» WHAT TO PRODUCE:
Nothing but the pictures should be dropped; repeat the rest of the data below exactly.

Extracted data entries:
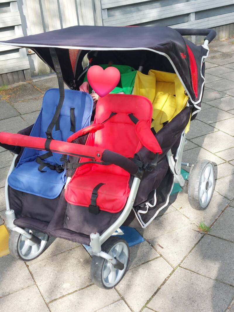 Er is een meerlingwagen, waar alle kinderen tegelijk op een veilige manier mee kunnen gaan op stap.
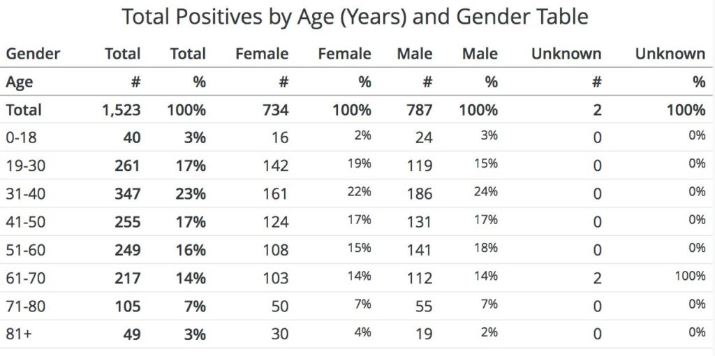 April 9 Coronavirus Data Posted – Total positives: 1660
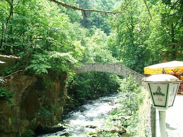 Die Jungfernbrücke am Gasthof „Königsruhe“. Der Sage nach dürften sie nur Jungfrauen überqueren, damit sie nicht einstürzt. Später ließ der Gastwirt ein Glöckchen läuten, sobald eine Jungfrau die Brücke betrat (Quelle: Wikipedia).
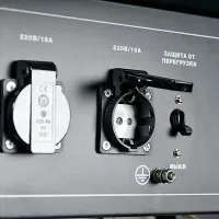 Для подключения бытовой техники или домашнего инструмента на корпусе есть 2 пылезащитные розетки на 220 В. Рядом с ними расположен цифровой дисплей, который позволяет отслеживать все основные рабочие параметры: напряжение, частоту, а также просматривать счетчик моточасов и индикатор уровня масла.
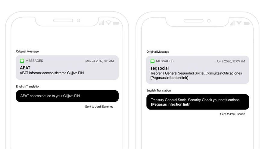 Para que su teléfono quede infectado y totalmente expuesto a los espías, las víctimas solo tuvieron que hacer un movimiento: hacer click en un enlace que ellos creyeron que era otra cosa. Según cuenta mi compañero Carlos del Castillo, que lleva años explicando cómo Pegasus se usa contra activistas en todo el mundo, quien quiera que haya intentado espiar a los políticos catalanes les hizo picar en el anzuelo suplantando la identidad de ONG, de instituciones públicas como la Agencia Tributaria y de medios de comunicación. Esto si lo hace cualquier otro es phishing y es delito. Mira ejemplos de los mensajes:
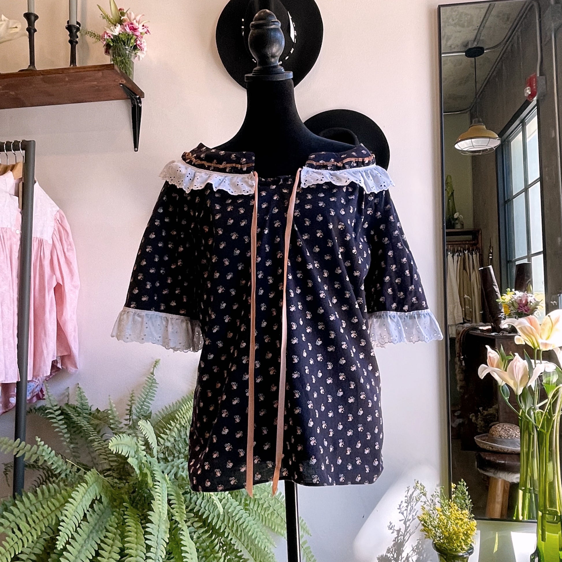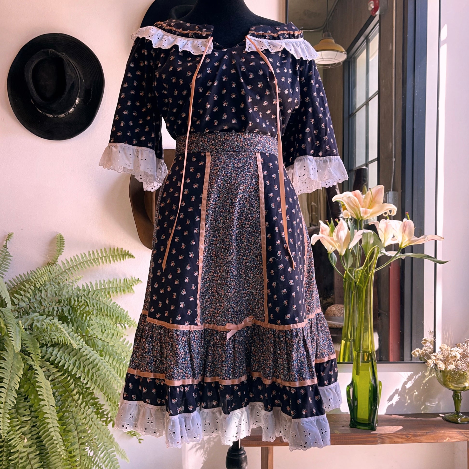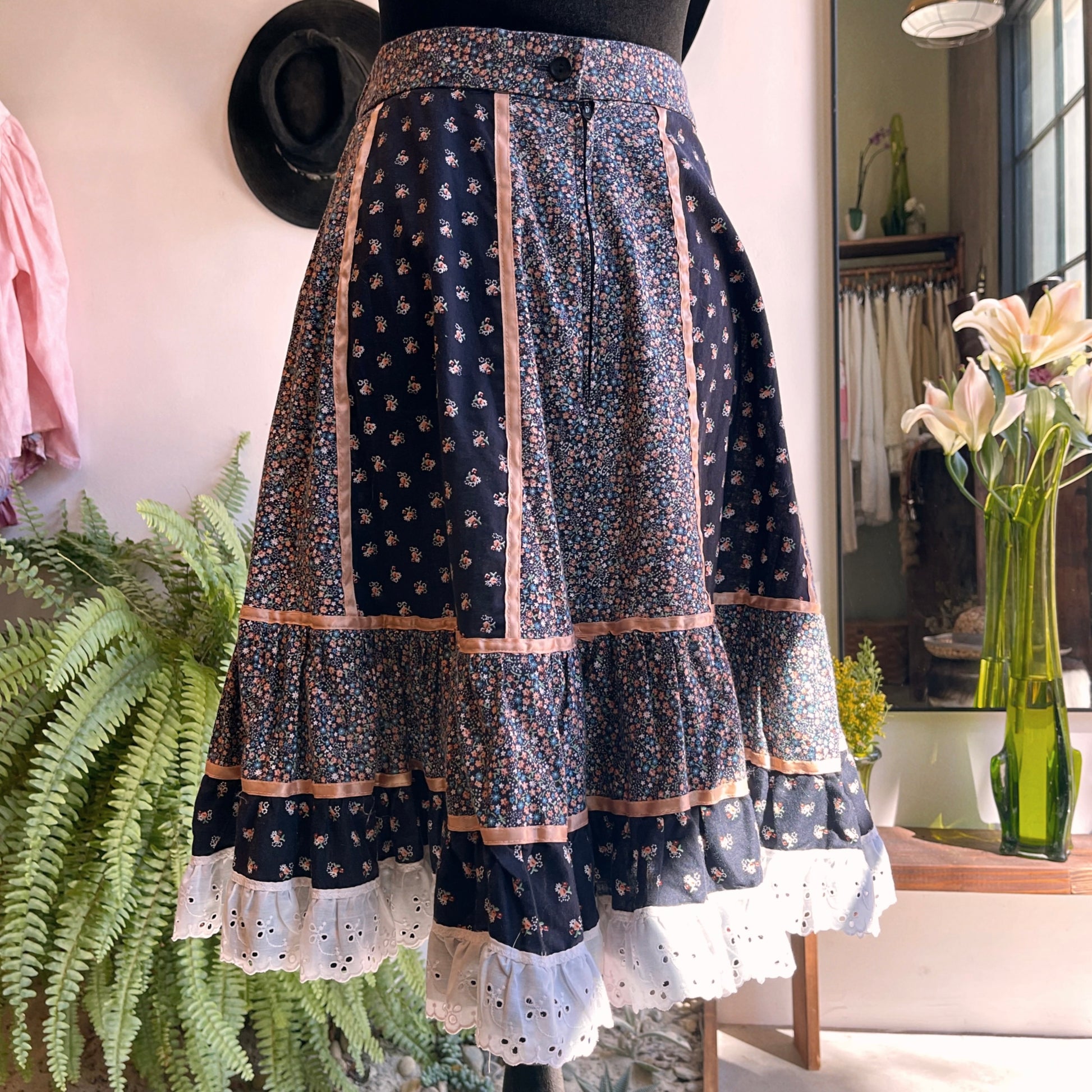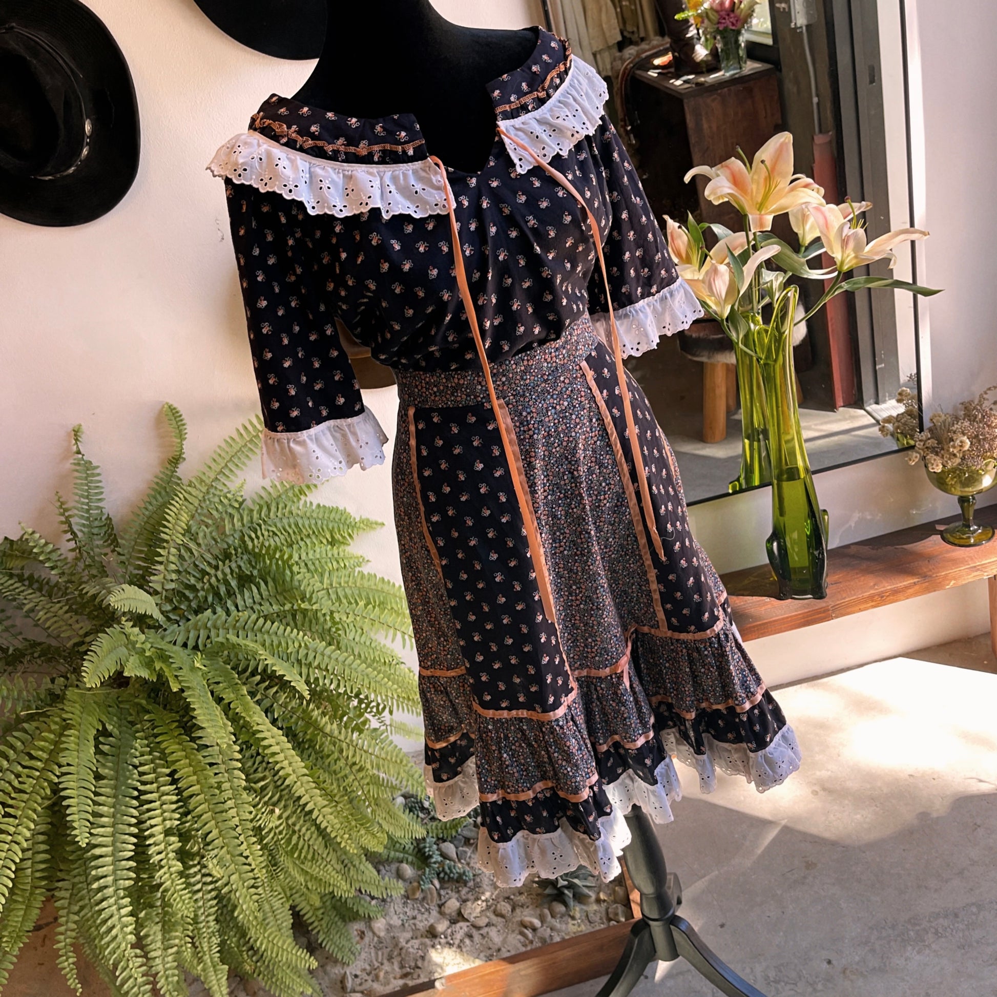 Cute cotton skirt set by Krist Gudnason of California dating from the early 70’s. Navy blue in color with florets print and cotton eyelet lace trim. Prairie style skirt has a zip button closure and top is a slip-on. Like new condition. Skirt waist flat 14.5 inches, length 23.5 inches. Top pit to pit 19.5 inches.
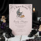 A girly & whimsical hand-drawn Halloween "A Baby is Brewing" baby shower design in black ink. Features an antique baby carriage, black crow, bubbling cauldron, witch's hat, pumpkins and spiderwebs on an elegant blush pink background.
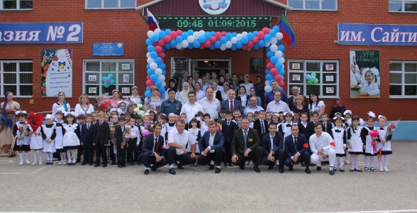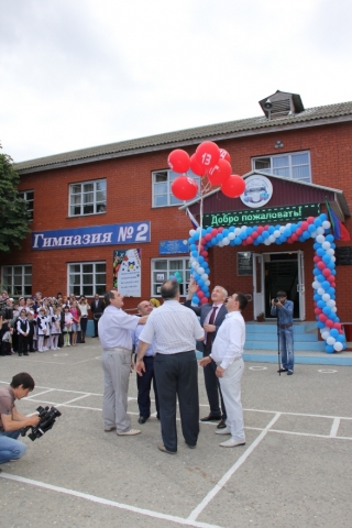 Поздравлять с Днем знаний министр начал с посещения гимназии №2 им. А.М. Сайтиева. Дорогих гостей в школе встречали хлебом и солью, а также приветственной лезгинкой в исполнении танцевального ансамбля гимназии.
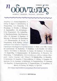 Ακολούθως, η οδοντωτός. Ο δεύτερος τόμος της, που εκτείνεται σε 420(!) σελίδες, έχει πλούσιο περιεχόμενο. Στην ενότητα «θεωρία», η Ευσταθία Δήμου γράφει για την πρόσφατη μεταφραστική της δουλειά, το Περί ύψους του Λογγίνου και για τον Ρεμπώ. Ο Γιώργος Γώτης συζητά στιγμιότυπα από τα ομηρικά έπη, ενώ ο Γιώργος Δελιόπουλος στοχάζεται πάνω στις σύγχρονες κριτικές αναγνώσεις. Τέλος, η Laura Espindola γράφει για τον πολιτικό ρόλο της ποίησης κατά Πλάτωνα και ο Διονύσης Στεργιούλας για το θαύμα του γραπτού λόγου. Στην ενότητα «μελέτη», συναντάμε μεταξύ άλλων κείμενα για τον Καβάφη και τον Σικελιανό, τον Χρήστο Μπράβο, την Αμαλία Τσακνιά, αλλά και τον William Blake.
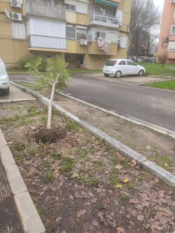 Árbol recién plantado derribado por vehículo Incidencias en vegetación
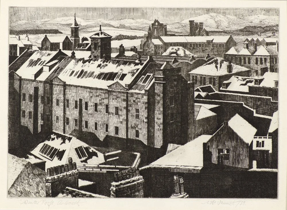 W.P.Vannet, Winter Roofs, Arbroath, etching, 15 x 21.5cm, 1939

» REPLY TO THE EXERCISE:
 Er is een meerlingwagen, waar alle kinderen tegelijk op een veilige manier mee kunnen gaan op stap.
 April 9 Coronavirus Data Posted – Total positives: 1660
 Die Jungfernbrücke am Gasthof „Königsruhe“. Der Sage nach dürften sie nur Jungfrauen überqueren, damit sie nicht einstürzt. Später ließ der Gastwirt ein Glöckchen läuten, sobald eine Jungfrau die Brücke betrat (Quelle: Wikipedia).
 Для подключения бытовой техники или домашнего инструмента на корпусе есть 2 пылезащитные розетки на 220 В. Рядом с ними расположен цифровой дисплей, который позволяет отслеживать все основные рабочие параметры: напряжение, частоту, а также просматривать счетчик моточасов и индикатор уровня масла.
 Para que su teléfono quede infectado y totalmente expuesto a los espías, las víctimas solo tuvieron que hacer un movimiento: hacer click en un enlace que ellos creyeron que era otra cosa. Según cuenta mi compañero Carlos del Castillo, que lleva años explicando cómo Pegasus se usa contra activistas en todo el mundo, quien quiera que haya intentado espiar a los políticos catalanes les hizo picar en el anzuelo suplantando la identidad de ONG, de instituciones públicas como la Agencia Tributaria y de medios de comunicación. Esto si lo hace cualquier otro es phishing y es delito. Mira ejemplos de los mensajes:
 Cute cotton skirt set by Krist Gudnason of California dating from the early 70’s. Navy blue in color with florets print and cotton eyelet lace trim. Prairie style skirt has a zip button closure and top is a slip-on. Like new condition. Skirt waist flat 14.5 inches, length 23.5 inches. Top pit to pit 19.5 inches.
 A girly & whimsical hand-drawn Halloween "A Baby is Brewing" baby shower design in black ink. Features an antique baby carriage, black crow, bubbling cauldron, witch's hat, pumpkins and spiderwebs on an elegant blush pink background.
 Поздравлять с Днем знаний министр начал с посещения гимназии №2 им. А.М. Сайтиева. Дорогих гостей в школе встречали хлебом и солью, а также приветственной лезгинкой в исполнении танцевального ансамбля гимназии.
 Ακολούθως, η οδοντωτός. Ο δεύτερος τόμος της, που εκτείνεται σε 420(!) σελίδες, έχει πλούσιο περιεχόμενο. Στην ενότητα «θεωρία», η Ευσταθία Δήμου γράφει για την πρόσφατη μεταφραστική της δουλειά, το Περί ύψους του Λογγίνου και για τον Ρεμπώ. Ο Γιώργος Γώτης συζητά στιγμιότυπα από τα ομηρικά έπη, ενώ ο Γιώργος Δελιόπουλος στοχάζεται πάνω στις σύγχρονες κριτικές αναγνώσεις. Τέλος, η Laura Espindola γράφει για τον πολιτικό ρόλο της ποίησης κατά Πλάτωνα και ο Διονύσης Στεργιούλας για το θαύμα του γραπτού λόγου. Στην ενότητα «μελέτη», συναντάμε μεταξύ άλλων κείμενα για τον Καβάφη και τον Σικελιανό, τον Χρήστο Μπράβο, την Αμαλία Τσακνιά, αλλά και τον William Blake.
 Árbol recién plantado derribado por vehículo Incidencias en vegetación
 W.P.Vannet, Winter Roofs, Arbroath, etching, 15 x 21.5cm, 1939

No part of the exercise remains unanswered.